7. Rebound Weight Gain
Rebound weight gain is almost guaranteed after following an extreme diet plan. Hunger, deprivation, and a lower metabolic rate are a perfect storm for rebound weight gain following the cabbage soup diet.
8. Excess Sodium
Depending on how you prepare cabbage soup, this diet plan can add excess sodium to your diet. Many broths and bouillon cubes are high in sodium. Over time, consuming lots of sodium can contribute to high blood pressure. Eating too much cabbage soup made with salty broth can increase your sodium intake.
Is There Anything Redeeming About the Cabbage Soup Diet?
Though some claim that cabbage has fat-burning properties, this isn’t exactly the case. However, a positive thing about the cabbage soup diet is that it encourages a higher consumption of vegetables, including cabbage. Other veggies that can be included in the cabbage soup weight loss plan are onions, spinach, tomatoes, and colorful bell peppers, like red and green peppers.

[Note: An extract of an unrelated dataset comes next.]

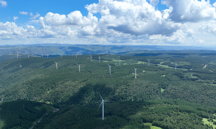 這是河北省圍場滿族蒙古族自治縣御道口鎮(zhèn)附近的風電場(2024年7月26日攝,無人機照片)。
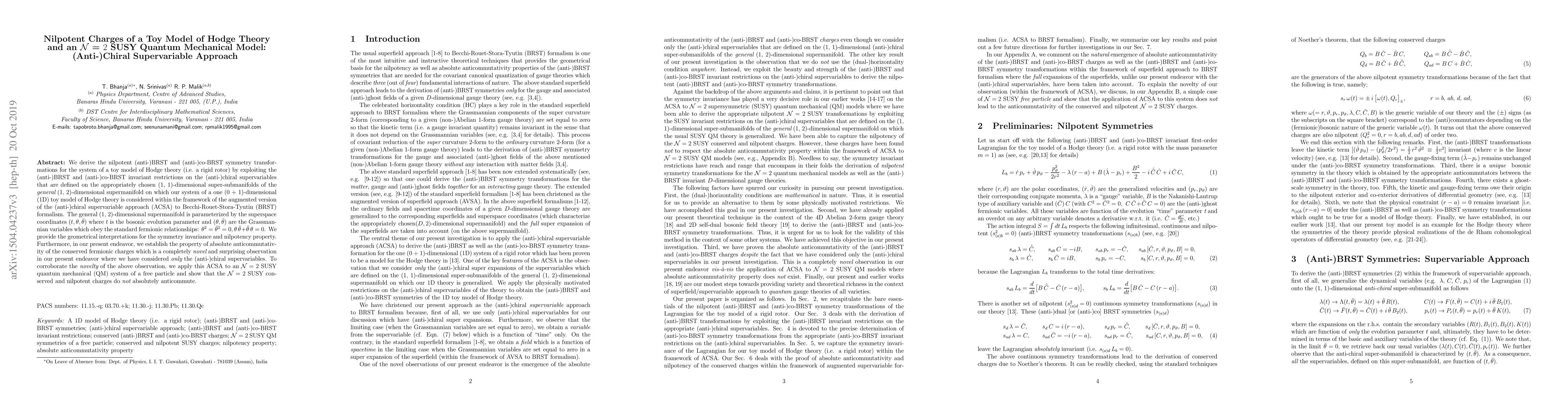 We derive the nilpotent (anti-)BRST and (anti-)co-BRST symmetry transformations for the system of a toy model of Hodge theory (i.e. a rigid rotor) by exploiting the (anti-)BRST and (anti-)co-BRST invariant restrictions on the (anti-)chiral supervariables that are defined on the appropriately chosen (1, 1)-dimensional super-submanifolds of the {\it general} (1, 2)-dimensional supermanifold on which our system of a one (0 + 1)-dimensional (1D) toy model of Hodge theory is considered within the framework of the augmented version of the (anti-)chiral supervariable approach (ACSA) to Becchi-Rouet-Stora-Tyutin (BRST) formalism. The general (1, 2)-dimensional supermanifold is parameterized by the superspace coordinates ($t, \theta, \bar\theta$) where $t$ is the bosonic evolution parameter and ($\theta, \bar\theta$) are the Grassmannian variables which obey the standard fermionic relationships: $ {\theta}^2 = {\bar\theta}^2 = 0, {\theta}\,{\bar\theta} + {\bar\theta}\,{\theta} = 0 $. We provide the geometrical interpretations for the symmetry invariance and nilpotency property. Furthermore, in our present endeavor, we establish the property of absolute anticommutativity of the conserved fermionic charges which is a completely {\it novel} and surprising observation in our present endeavor where we have considered {\it only} the (anti-)chiral supervariables. To corroborate the {\it novelty} of the above observation, we apply this ACSA to an ${\cal N} = 2$ SUSY quantum mechanical (QM) system of a free particle and show that the ${\cal N} = 2$ SUSY conserved and nilpotent charges do {\it not} absolutely anticommute.

Veggies are an important addition to your diet, boosting your intake of fiber and disease-fighting vitamins, minerals, and antioxidants. For example, potassium and vitamin C are crucial nutrients that come from vegetables. However, keep in mind that you can add more health-promoting veggies to your diet without the extreme calorie restriction that’s characteristic of the cabbage soup diet.

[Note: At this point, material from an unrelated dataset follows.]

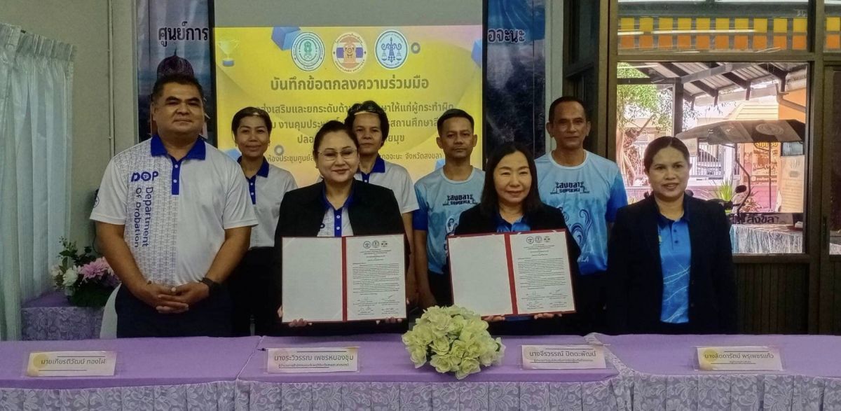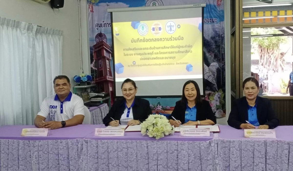 วันที่ 15 พฤศจิกายน 2567 เวลา 13.00 น. 15.30 น. นางจีรวรรณ์ ปัตตะพัฒน์ ผู้อำนวยการ สกร.ระดับอำเภอจะนะ พร้อมด้วยบุคลากร สกร.อำเภอจะนะ ร่วมบันทึกข้อตกลงความร่วมมือในการส่งเสริมและยกระดับด้านการศึกษาให้แก่ผู้กระทำผิดในระบบ งานคุมประพฤติ และโครงการสถานศึกษาสีขาว ปลอดยาเสพติดและอบายมุข กับภาคีเครือข่าย สำนักงานคุมประพฤติจังหวัดสงขลา สาขานาทวี และร่วมบันทึกข้อตกลงความร่วมมือ การดำเนินงานโครงการสถานศึกษาสีขาวปลอดยาเสพติดและอบายมุข ปีการศึกษา 2567 กับสถานศึกษา 4 แห่ง ประกอบด้วย สกร.ระดับอำเภอนาหม่อม สกร.ระดับอำเภอนาทวี สกร.ระดับอำเภอสะบ้าย้อย และ รร.วัดบ้านไร่ ในการนี้ผู้อำนวยสำนักงานคุมประพฤติจังหวัดสงขลา สาขานาทวี และผู้อำนวยการสถานศึกษาได้ร่วมแลกเปลี่ยนเกี่ยวกับการดำเนินการตามข้อตกลงความร่วมมือที่ได้บันทึก ซึ่งการดำเนินการในครั้งนี้เป็นไปด้วยความเรียบร้อย

The cabbage soup diet also encourages hydration, suggesting that one drinks up to 8 glasses of water per day. Staying hydrated is an important way to help increase circulation by keeping blood volume up, while also flushing toxins out of the body.

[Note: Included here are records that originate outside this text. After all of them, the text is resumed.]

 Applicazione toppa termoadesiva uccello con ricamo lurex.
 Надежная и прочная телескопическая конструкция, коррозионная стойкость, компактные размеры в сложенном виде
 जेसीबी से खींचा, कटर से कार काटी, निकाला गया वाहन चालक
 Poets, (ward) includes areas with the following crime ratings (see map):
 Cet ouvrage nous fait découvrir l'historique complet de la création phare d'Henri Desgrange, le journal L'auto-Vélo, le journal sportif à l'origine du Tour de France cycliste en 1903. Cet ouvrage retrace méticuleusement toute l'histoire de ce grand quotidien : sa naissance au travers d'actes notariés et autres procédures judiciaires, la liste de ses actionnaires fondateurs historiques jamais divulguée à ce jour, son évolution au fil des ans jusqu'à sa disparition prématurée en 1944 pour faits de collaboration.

If You Still Have Your Heart Set on the Cabbage Soup Diet, Here’s What You Can Do
If we have not been able to convince you that the cabbage soup diet is a bad idea, here are some ways that you can make it healthier to follow.
Bulk Up the Cabbage Soup
There’s nothing inherently bad about cabbage soup, but you can enhance the nutritional value of the soup by adding other food groups. In addition to cabbage and broth, add in ingredients like shredded chicken breast, beans, and quinoa. Not only will these foods amp up the nutrient density and calorie content of the soup but also enhance the flavor profile of the meal.
Don’t Restrict Other Foods
In addition to cabbage soup, aim to eat a variety of fruits, veggies, whole grains, nuts, seeds, dairy, fish, and lean meats. Supplementing the cabbage soup with a vast array of foods ensures that the body is getting the carbs, healthy fats, essential amino acids, vitamins, minerals, and antioxidants to support your health and help you feel your best.
Use Low-Sodium Broth
A low-sodium vegetable broth or chicken broth helps reduce your sodium intake and keep your blood pressure levels in check.
Things to Keep in Mind
Before starting any diet plan or new supplement, it’s important to talk to your doctor to ensure that the changes you’re making best support your health. A registered dietitian is also an excellent resource for making a meal plan that best supports a healthy weight.
Conclusion: What’s Wrong with the Cabbage Soup Diet
Like so many fad diets, the cabbage soup diet plan is extremely low in calories and does not contain a balance of all the nutrients the body needs to function. This weight loss diet is based on restrictive rules in an effort to get quick results, instead of supporting long-term weight loss. However, rapid weight loss is unhealthy, often leading to a loss of muscle mass. To make a healthier version of the cabbage soup diet, try bulking up your cabbage soup with whole grains and beans. In addition to your cabbage soup meals, supplement your diet with a variety of foods from all food groups.